Ok here are the details. The contest begins the week of Nov 22nd. Whoever wants to participate will have to either weigh their self or take a body fat measurement sometime between November 22nd – 28th and then post it here with your goal. The contest will last a total of 8 weeks. The same measurement will be taken again 8 weeks from that date during the week of January 17th – 23rd and whoever loses the largest percentage of bodyweight or the largest percentage of body fat divided by two wins. The final measurements have to be posted sometime during the week of Jan 17th and I will declare the winner on Monday Jan 24th. (Don’t jump the gun this week, I would recommend a weekend of binge eating and drinking before you start)

Before and after pictures are highly recommended and also share with us your strategies, successes and struggles.

A couple of rules:

We need some accountability so you will have to do weekly weigh-in’s or BF measurements. If you don’t want to do these weekly that is fine but you then have to post other stats like how many calories you ate vs. how many you burned etc… You will have to do at least three measurements the first one, then one at 4 weeks and then the final one. And the measurements need to be done with the same scale as used the first time.

We are shooting for body fat, and to a lesser extent muscle, weight loss here, not water loss. So the first and last measurements taken need to be done on days as similar as possible. If you want to weigh yourself after you do a 20 miler in January that is fine but you also have to do a 20 miler next week and then weigh yourself for the initial one.

Let’s make sure this is healthy weight loss, if you are blacking out 10 times a day you may want to start eating more.
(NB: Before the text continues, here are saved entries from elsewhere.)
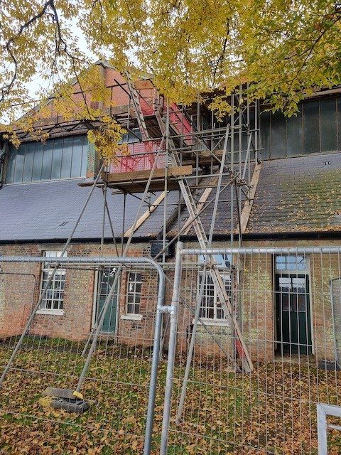 The main part of the project however, was to strenghten the control tower of the former airfield built c.1926 which was in danger of collapse. This involved cutting out damaged sections of the old concrete ring beams separating each floor and reinforcing them with specially-fabricated stainless steel armatures as well as adding a new asphalt roof in line with the original roofing.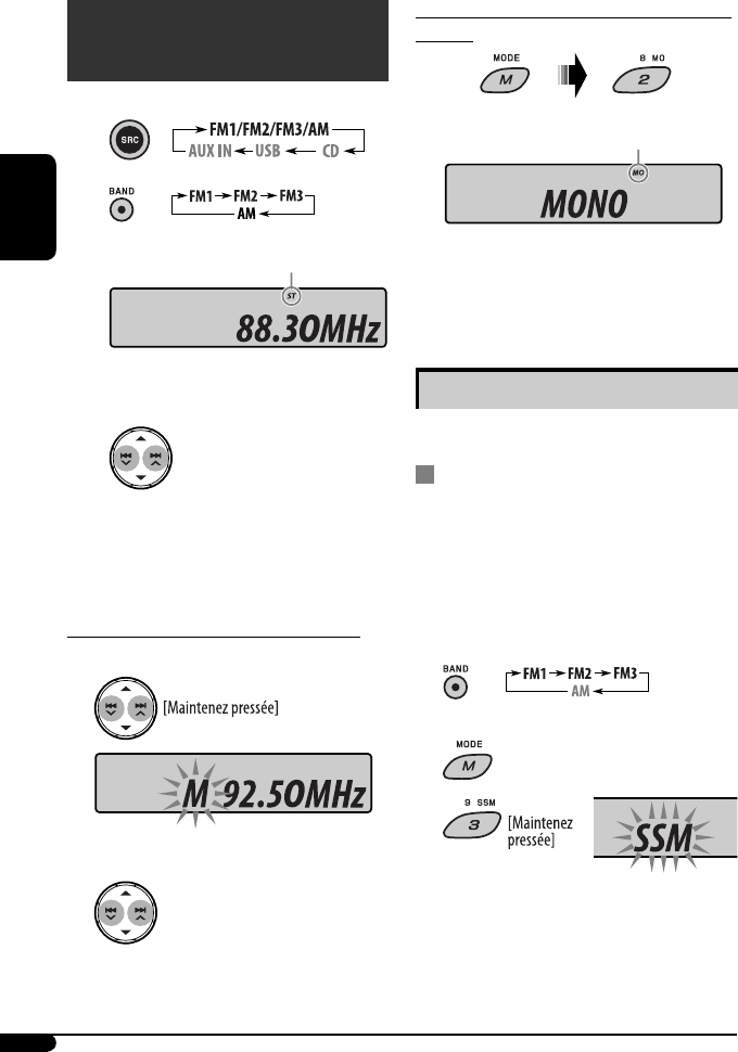 Plage de fréquences: FM: 87,5 MHz à 108,0 MHz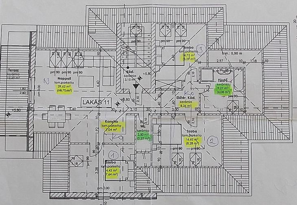 • Hasznos alapterület: 75 nm. (bruttó alapterület: 115nm). A tetőri lakás parapet magassága emelve van. A helyiségek kényelmesen vannak kialakítva. Elosztása: 3 hálószoba+ nappali + 2 fürdőszoba.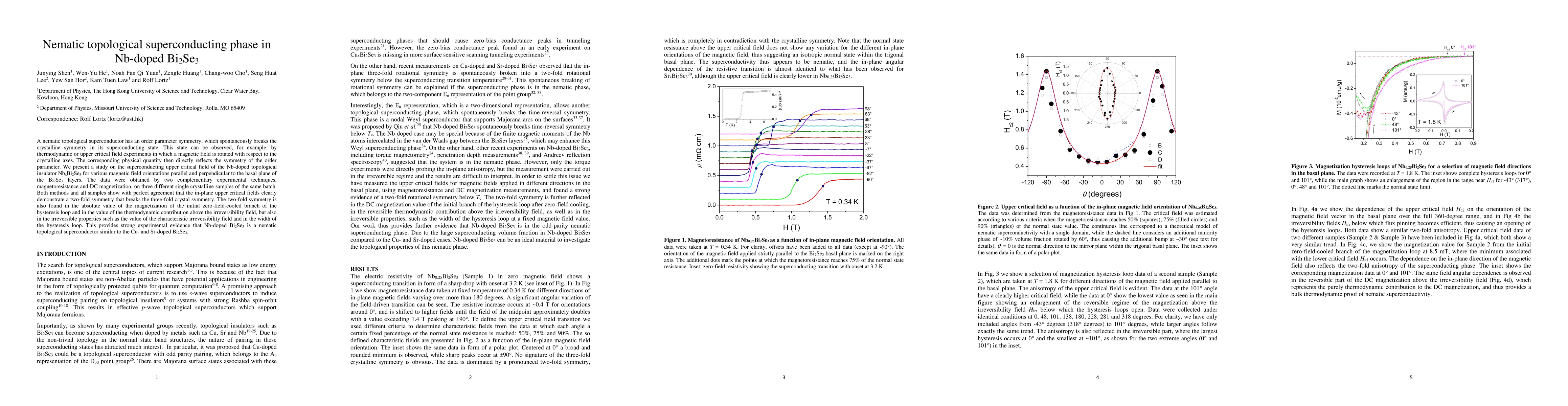 This study demonstrates that Nb-doped Bi2Se3 exhibits a nematic topological superconducting phase, characterized by a two-fold symmetry in the upper critical field, which breaks the material's three-fold crystal symmetry. The findings, obtained via magnetoresistance and DC magnetization, provide strong evidence for this unique superconducting state.

The calculations (beginning weight – ending weight)/beginning weight or
(beginning BF% – ending BF%)/(beginning BF% x 2) if there are any late starters their percentage will be increased pro rata and a penalty will be applied which will be determined by me. Here is the prize: The winner will get a choice of a long or short sleeve T-shirt from here or I’ll make you a custom pair of huaraches. (I’ll put up pictures later, and they don’t come with a warranty) Disclaimer: The BRS is not liable for anything associated with this contest. Play at your own risk. Always consult your physician before beginning any exercise and diet program. Advice given on this thread should not be treated as professional advice.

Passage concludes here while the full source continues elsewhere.